## Your assignment
Give back, exactly and with nothing added, the lines that run from the one containing "The maximum stress occurs" to the final line below.

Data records
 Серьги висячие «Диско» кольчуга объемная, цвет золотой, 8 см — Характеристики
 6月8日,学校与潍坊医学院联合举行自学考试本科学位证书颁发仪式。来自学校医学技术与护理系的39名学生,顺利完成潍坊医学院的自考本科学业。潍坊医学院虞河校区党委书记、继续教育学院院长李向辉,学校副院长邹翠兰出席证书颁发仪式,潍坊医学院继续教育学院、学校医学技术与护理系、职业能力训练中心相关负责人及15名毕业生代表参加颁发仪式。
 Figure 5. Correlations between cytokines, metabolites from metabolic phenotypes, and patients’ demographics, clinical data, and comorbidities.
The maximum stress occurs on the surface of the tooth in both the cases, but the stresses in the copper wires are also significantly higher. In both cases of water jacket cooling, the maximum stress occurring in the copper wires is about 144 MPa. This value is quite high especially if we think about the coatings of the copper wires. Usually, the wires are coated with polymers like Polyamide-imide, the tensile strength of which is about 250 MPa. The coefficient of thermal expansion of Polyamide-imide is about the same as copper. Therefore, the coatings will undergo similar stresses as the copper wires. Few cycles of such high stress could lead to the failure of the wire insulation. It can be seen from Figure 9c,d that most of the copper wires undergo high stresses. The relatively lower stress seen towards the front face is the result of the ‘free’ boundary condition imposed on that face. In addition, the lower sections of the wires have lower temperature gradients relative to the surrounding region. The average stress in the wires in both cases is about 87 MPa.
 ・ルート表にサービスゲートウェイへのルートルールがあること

## Written solution
The maximum stress occurs on the surface of the tooth in both the cases, but the stresses in the copper wires are also significantly higher. In both cases of water jacket cooling, the maximum stress occurring in the copper wires is about 144 MPa. This value is quite high especially if we think about the coatings of the copper wires. Usually, the wires are coated with polymers like Polyamide-imide, the tensile strength of which is about 250 MPa. The coefficient of thermal expansion of Polyamide-imide is about the same as copper. Therefore, the coatings will undergo similar stresses as the copper wires. Few cycles of such high stress could lead to the failure of the wire insulation. It can be seen from Figure 9c,d that most of the copper wires undergo high stresses. The relatively lower stress seen towards the front face is the result of the ‘free’ boundary condition imposed on that face. In addition, the lower sections of the wires have lower temperature gradients relative to the surrounding region. The average stress in the wires in both cases is about 87 MPa.
 ・ルート表にサービスゲートウェイへのルートルールがあること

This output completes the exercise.